首先说一下第二点,因为这次只讲ViewRootImpl,不会讲到WMS去,这个调用会一笔带过,重点会讲一下requestLayout这个函数。
mWindowSession.addToDisplayAsUser是一个binder通信,如果还有不了解的,可以去补一下binder相关的知识。刚刚在讲WindowManagerGlobal的时候,漏了一个东西就是它持有了WMS(WindowManagerService)的代理对象。这是一个静态方法,它不仅仅是WindowManagerGlobal自己使用,还提供给外部,比如ViewRootImpl使用,通过getWindowSession就可以拿到WMS的代理对象进行binder通信。
// WindowManagerGlobal.java
@UnsupportedAppUsage
public static IWindowSession getWindowSession() {
synchronized (WindowManagerGlobal.class) {
if (sWindowSession == null) {
try {
// Emulate the legacy behavior. The global instance of InputMethodManager
// was instantiated here.
// TODO(b/116157766): Remove this hack after cleaning up @UnsupportedAppUsage
InputMethodManager.ensureDefaultInstanceForDefaultDisplayIfNecessary();
IWindowManager windowManager = getWindowManagerService();
sWindowSession = windowManager.openSession(
new IWindowSessionCallback.Stub() {
@Override
public void onAnimatorScaleChanged(float scale) {
ValueAnimator.setDurationScale(scale);
}
});
} catch (RemoteException e) {
throw e.rethrowFromSystemServer();
}
}
return sWindowSession;
}
}
显然addToDisplayAsUser就是调用WMS的addToDisplay相关的方法,传入了window,window属性,displayId,InputChannel等信息下去。相关内容在下一篇文章会讲到。
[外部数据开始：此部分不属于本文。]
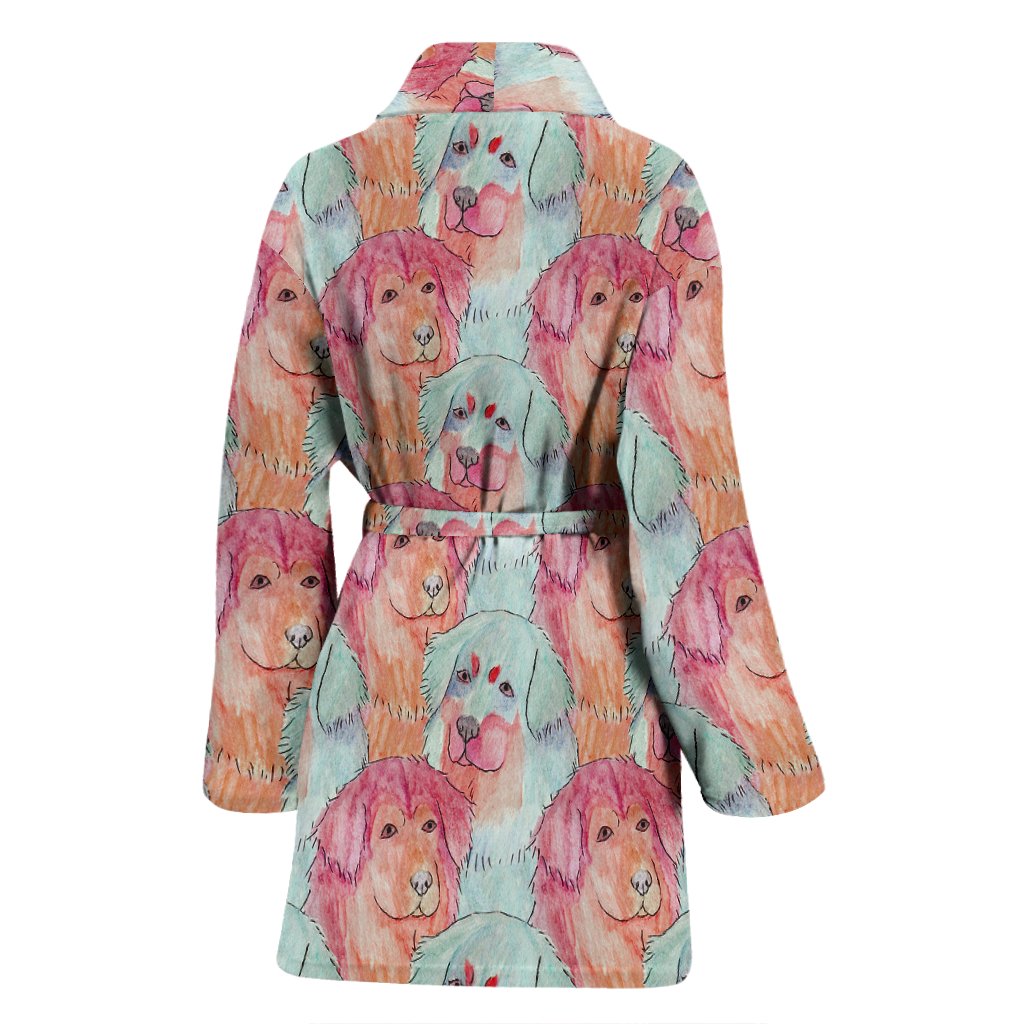 Tibetan Mastiff Dog Color Art Print Women's Bath Robe-Free Shipping

这里用黑体加粗了InputChannel,也是一个很重要的概念,之后写相关事件输入的文章会好好讲讲。
接着我们来看requestLayout的源码是怎样实现的
// ViewRootImpl.java
@Override
public void requestLayout() {
if (!mHandlingLayoutInLayoutRequest) {
checkThread();
mLayoutRequested = true;
scheduleTraversals();
}
}
@UnsupportedAppUsage(maxTargetSdk = Build.VERSION_CODES.R, trackingBug = 170729553)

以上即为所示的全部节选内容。